3 new ideas on the future of news from MIT Media Lab students

Adding metadata to hyperlinks, finding stories in ordinary datasets, providing context for impossibly big numbers.

Keys on computer keyboard spelling "geek"

Ethan Zuckerman of the MIT Center for Civic Media taught a class this semester tailor-made for Nieman Lab readers: “News in the Age of Participatory Media.” The hook: What happens if you treat journalism as an engineering problem, bringing together the efforts of journalists and computer scientists?

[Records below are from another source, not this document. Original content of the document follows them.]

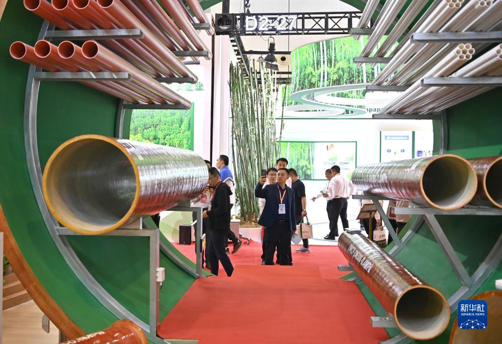 11月24日,觀眾在南寧國際會展中心參觀用竹纏繞復合材料制造的產品。
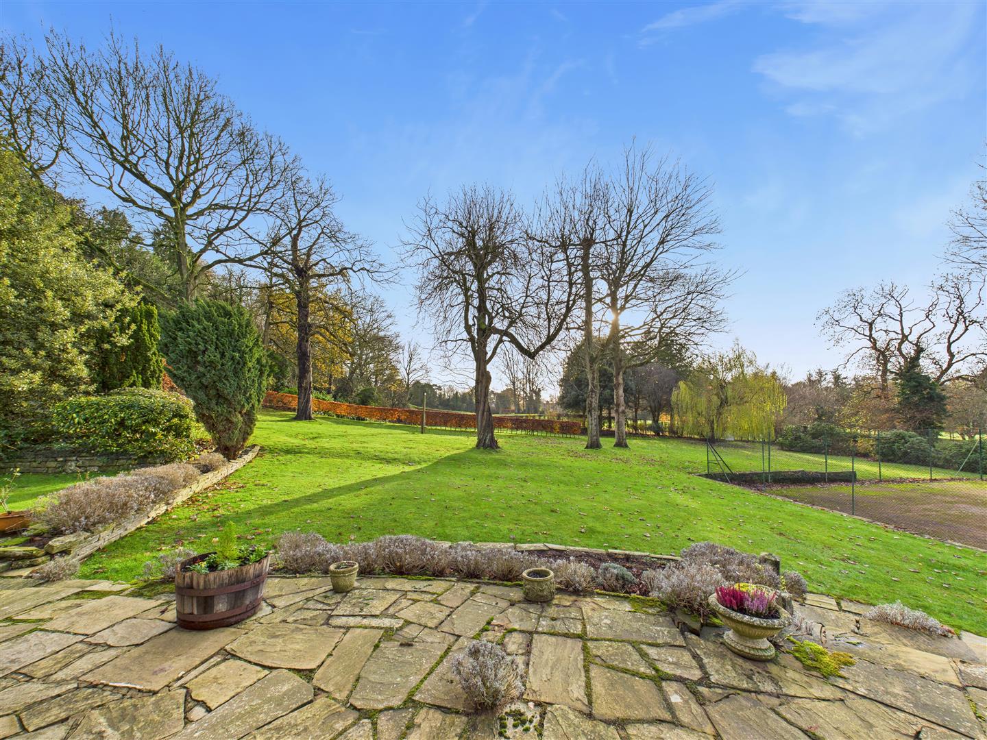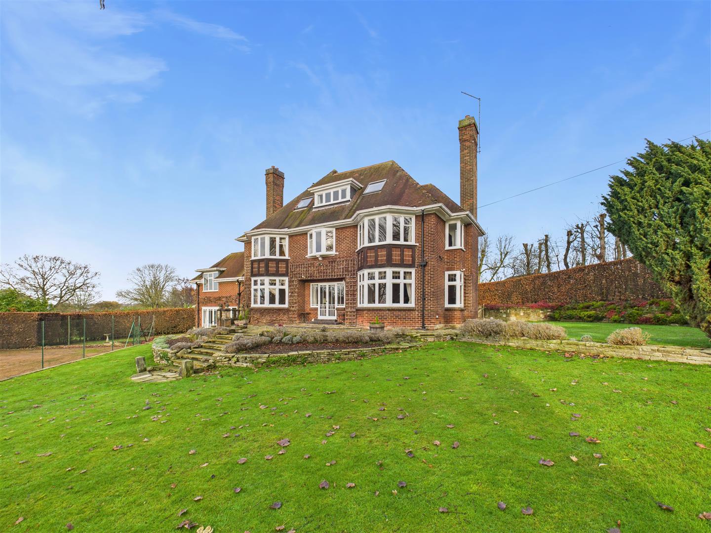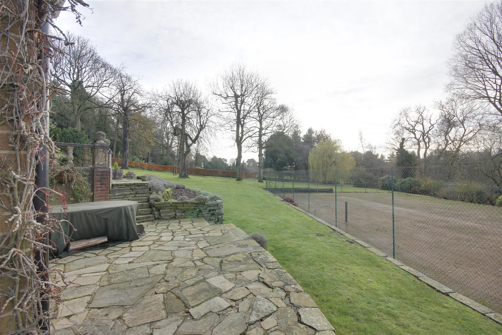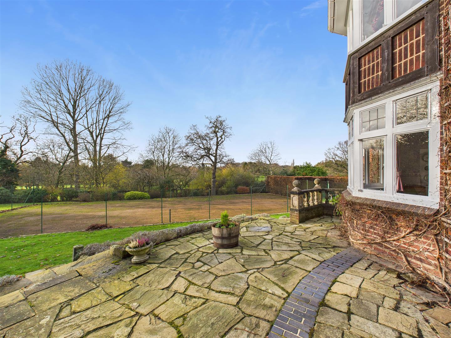 The property has been sited on its plot to take full advantage of the south-west facing aspect with all principle rooms looking into the garden and the golf course beyond. Enjoying an elevated position, this provides some stunning vistas throughout the year. A flag paved terrace runs around the rear of the house beyond which sweeping lawns are bounded by mature shrubbery and planting. Within the garden is situated a hard surfaced tennis court with fenced surround.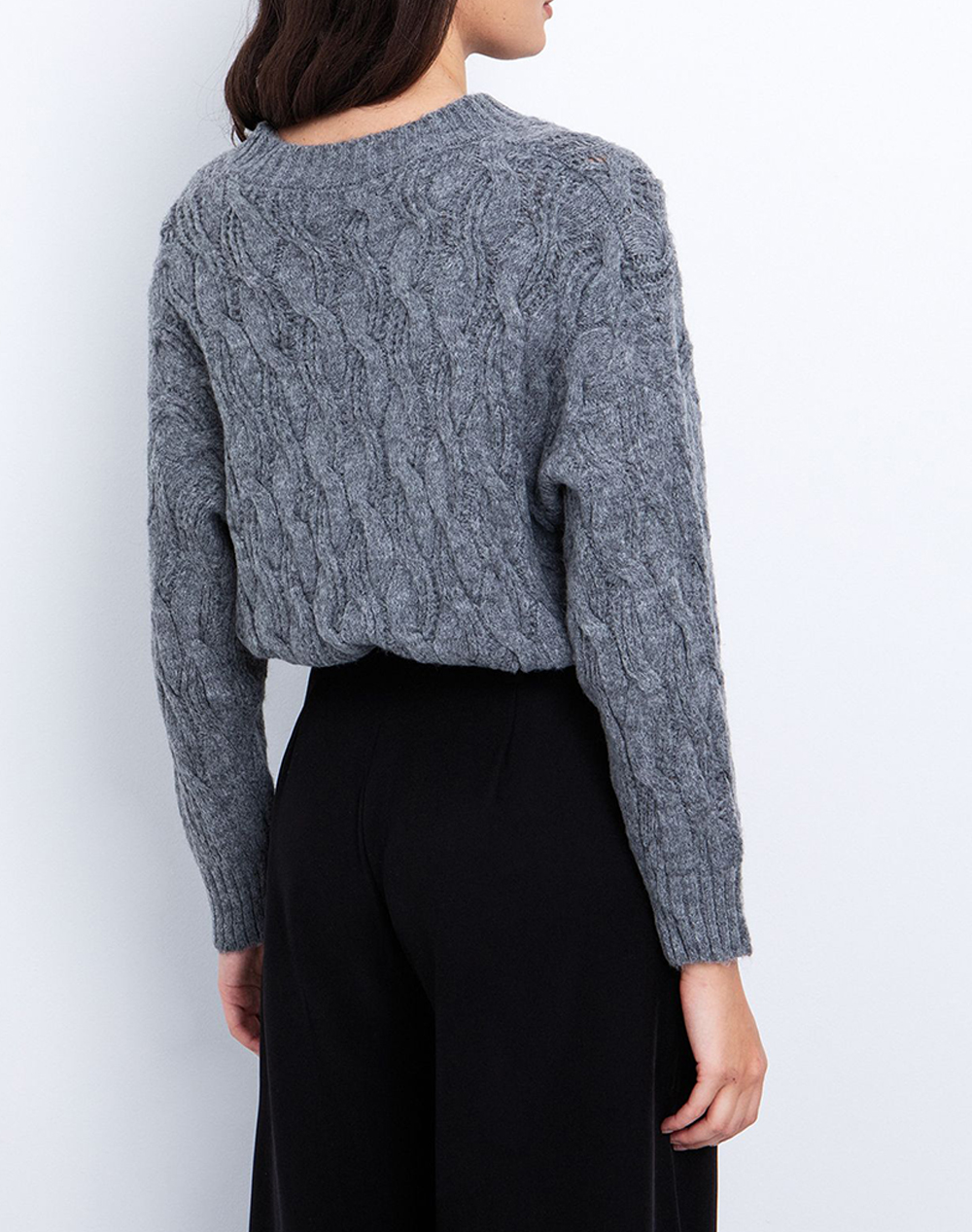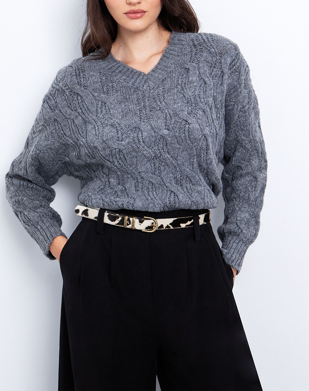 Γυναικείο πουλόβερ, σε κανονική γραμμή, μακρυμάνικο, με λαιμόκοψη V και σχέδιο πλεξούδα. (Σύνθεση: 57% Polycarbonates, 29% Πολυαμίδιο, 7% Μαλλί, 7% Βισκόζη)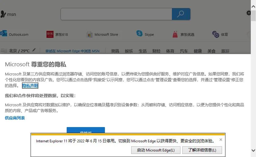 IE於2022年6月15日停用,並且不再獲得官方支持。Edge取代IE,併成為Windows 10和Windows 11的內置瀏覽器。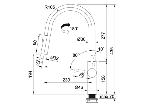 Verfügbare Schlauchlänge von Unterkante der Armatur bis zu den Anschlüssen.“ src=““ data-src=“//value.moebelplus.de/features/franke_schlauchlaenge.gif“ alt=“Schlauchlänge 450 mm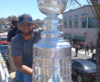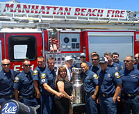 Not to be outdone, later in the day, Kings' captain Dustin Brown brought the Cup a few miles north to Manhattan Beach where he met with members of the fire department and city officials. |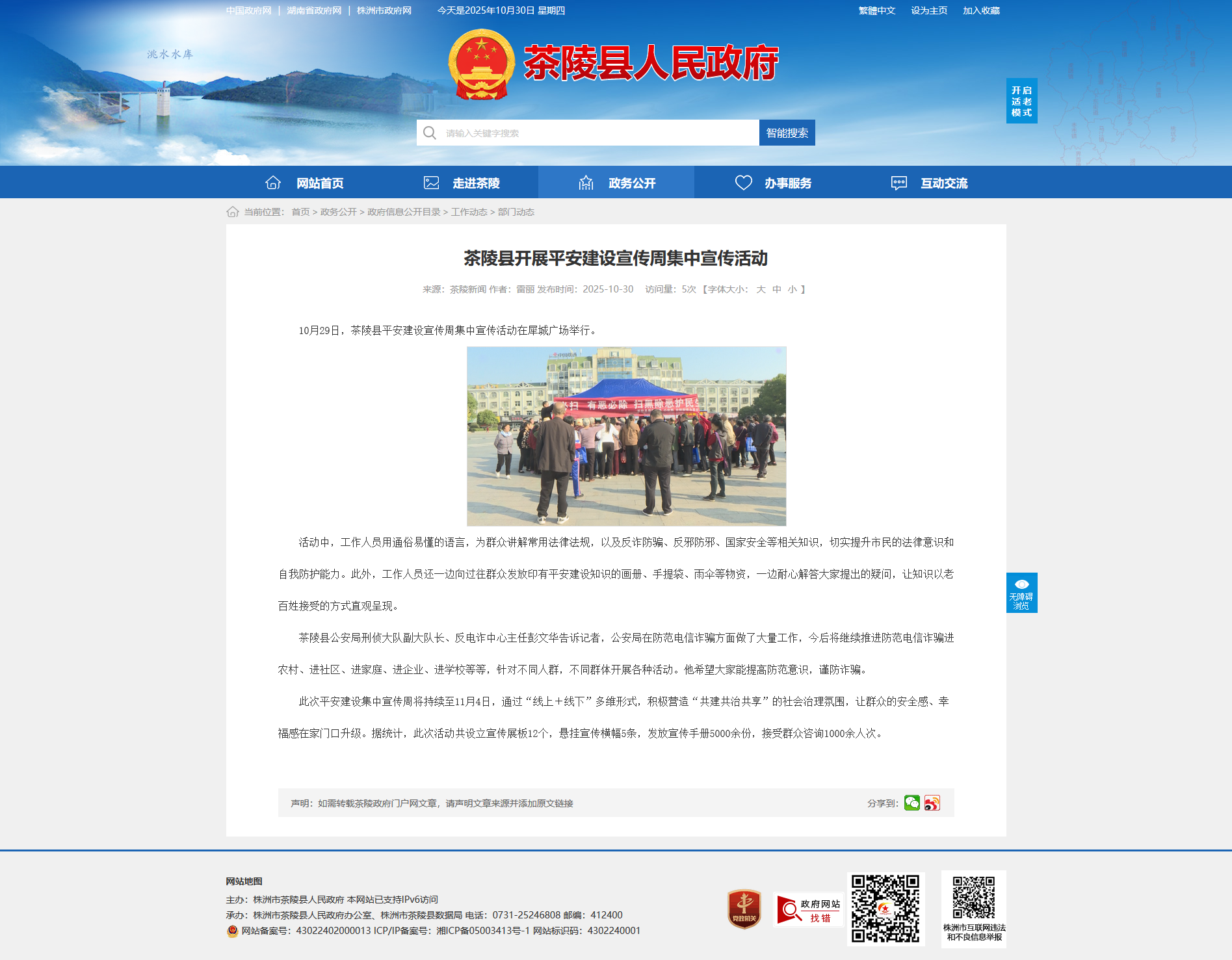 10月29日,茶陵县平安建设宣传周集中宣传活动在犀城广场举行。

The course’s final class last week featured a lot of bright students presenting their final projects, which was supposed to be a new tool, technique, or technology for reporting the news. (They were in various stages of completion.) I’ll be breaking out a few of the good ideas in future posts, but here are some of the ones that stood out to me.

Modernizing the hyperlink

The <a> tag hasn’t changed much since Tim Berners-Lee proposed it 20 years ago. Hyperlinks are the fiber of the web. But Neha Narula, a Ph.D. student of computer science at MIT, finds herself frustrated with writers who abuse them. Blog posts littered with too many links leads to “cognitive overload,” she says. “As I explored this topic a little more,” she said, “I found what I was annoyed with was not linking too much but not linking well.” If Google is mentioned in copy, does Google have to be linked to the Google home page? Does the same link need to appear multiple times in one story?

Narula proposed the use of microformats and the little-known rev attribute to attach semantic meaning to links, allowing browsers to handle different kinds of links differently. (rev is supposed to represent a reverse link. All major browsers, when faced with a rev attribute now, just ignore it. It’s like a cousin to rel.)

For example, a link to a citation (dictionary definition, Wikipedia article) would get rev="bib", for bibliography. So:

<a href="http://en.wikipedia.org/en/Nieman_Foundation" rev="bib">

might lead to that link being presented not in the body copy, but at the bottom of the post, in the form of a tidy bibliography.

She also proposes rev="reaction", which would clearly call out the original post an article is responding to; and rev="object" for links to people and companies, which would facilitate an index for all of the proper nouns in a piece.

Perhaps most intriguing was rev="set" for a series of links, to avoid awkwardness when linking to (for example) this series of Lab articles on the hyperlinking debate. She mocked up a little bit of JavaScript and CSS to show how it could look. (Hover over “Twitter users to follow” or “BBC linking policy.” You can also see mockups of the object, reaction, and bib attributes there.)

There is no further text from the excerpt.